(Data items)
——

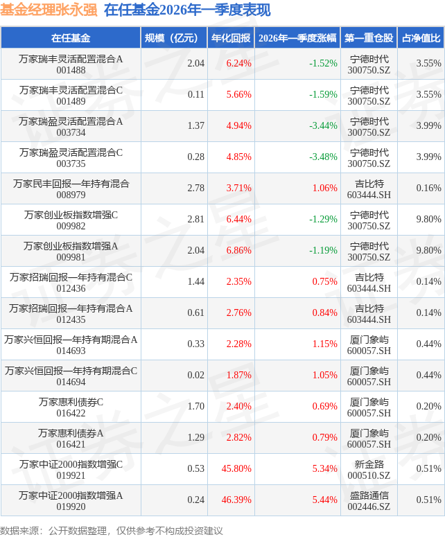 证券之星消息,日前万家瑞丰灵活配置混合C基金公布一季报,2026年一季度最新规模0.11亿元,季度净值涨幅为-1.59%。
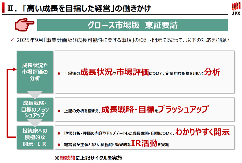 「高い成長を目指した経営の実現に向けた対応の働きかけ」を2025年9月に行いました。2025年12月には、投資家が評価しているグロース上場企業の取組み事例の提供を行います。また、2026年の年明けを目途に、2025年9月に東証が行った「高い成長を目指した経営の実現に向けた対応の働きかけ」を踏まえて対応をしている企業を一覧化し、取り組みを手軽に探せるような特設サイトを作る予定です。
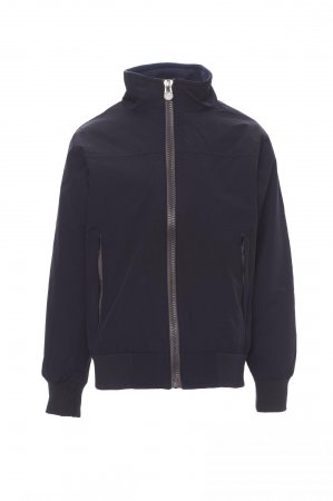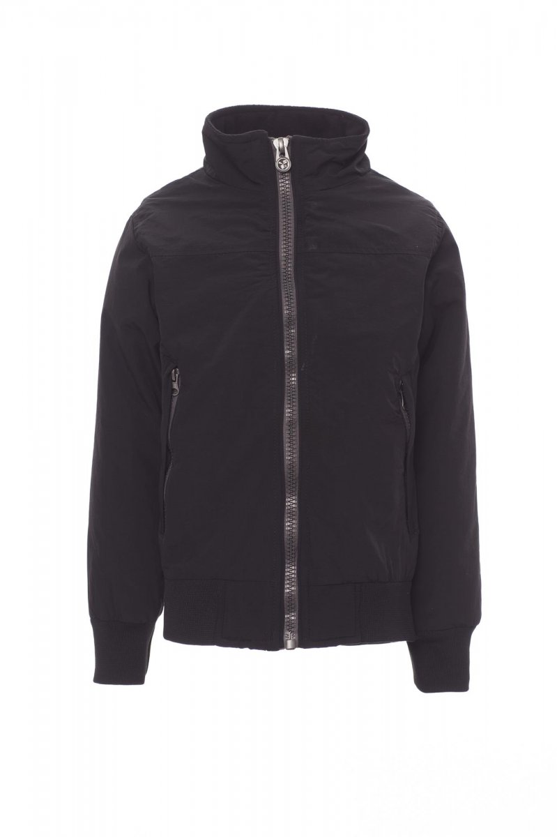 Blusão de criança, fecho de correr de 8 mm em plástico e cursor de metal, canelado (rib) elástico no cós e nos punhos, dois bolsos exteriores com fecho de correr oculto. Interior: acolchoado, micro-polar no colarinho e nas costas, um bolso para smartphone com fecho de correr e abertura para passagem de auriculares, fecho de correr no peito e nas costas para facilitar a estampagem ou a aplicação de bordados.
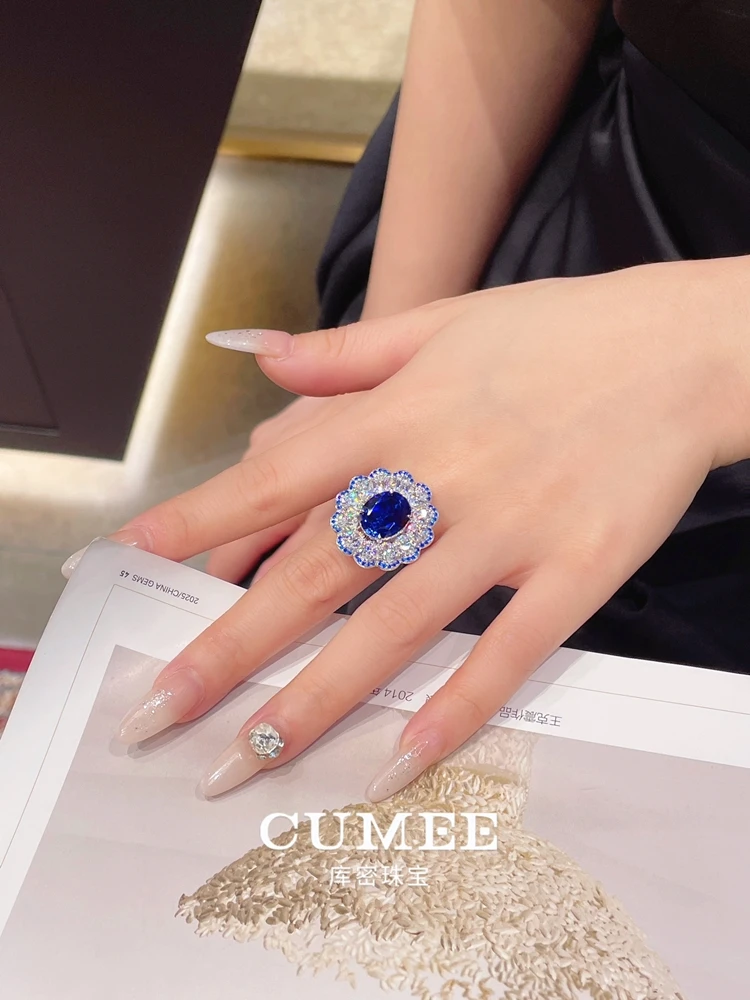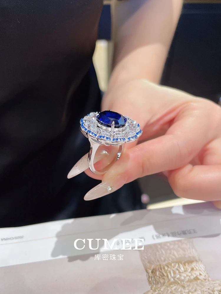 CUMEE Nuovo stile cinese Gonna alla moda Anello da donna Stile design Anello con zaffiro sintetico coltivato. Oro placcato argento
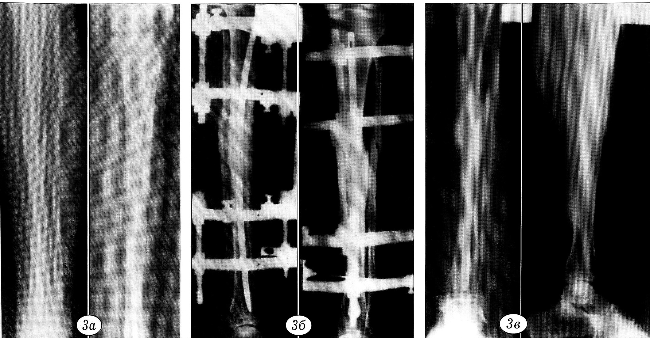 Рис. 3. Пример 3.Рентгенограммы больной В.a — несросшийся перелом большеберцовой кости через 4 мес после интрамедуллярного остеосинтеза металлическим штифтом;б — после наложения аппарата наружной фиксации;в — спустя 4,5 мес: перелом сросся, аппарат удален.

——

### Directions for this task
Would you reproduce the lines above, from the very first through the line containing "CUMEE Nuovo stile", exactly and without the pictures?

### Answer for the task
 证券之星消息,日前万家瑞丰灵活配置混合C基金公布一季报,2026年一季度最新规模0.11亿元,季度净值涨幅为-1.59%。
 「高い成長を目指した経営の実現に向けた対応の働きかけ」を2025年9月に行いました。2025年12月には、投資家が評価しているグロース上場企業の取組み事例の提供を行います。また、2026年の年明けを目途に、2025年9月に東証が行った「高い成長を目指した経営の実現に向けた対応の働きかけ」を踏まえて対応をしている企業を一覧化し、取り組みを手軽に探せるような特設サイトを作る予定です。
 Blusão de criança, fecho de correr de 8 mm em plástico e cursor de metal, canelado (rib) elástico no cós e nos punhos, dois bolsos exteriores com fecho de correr oculto. Interior: acolchoado, micro-polar no colarinho e nas costas, um bolso para smartphone com fecho de correr e abertura para passagem de auriculares, fecho de correr no peito e nas costas para facilitar a estampagem ou a aplicação de bordados.
 CUMEE Nuovo stile cinese Gonna alla moda Anello da donna Stile design Anello con zaffiro sintetico coltivato. Oro placcato argento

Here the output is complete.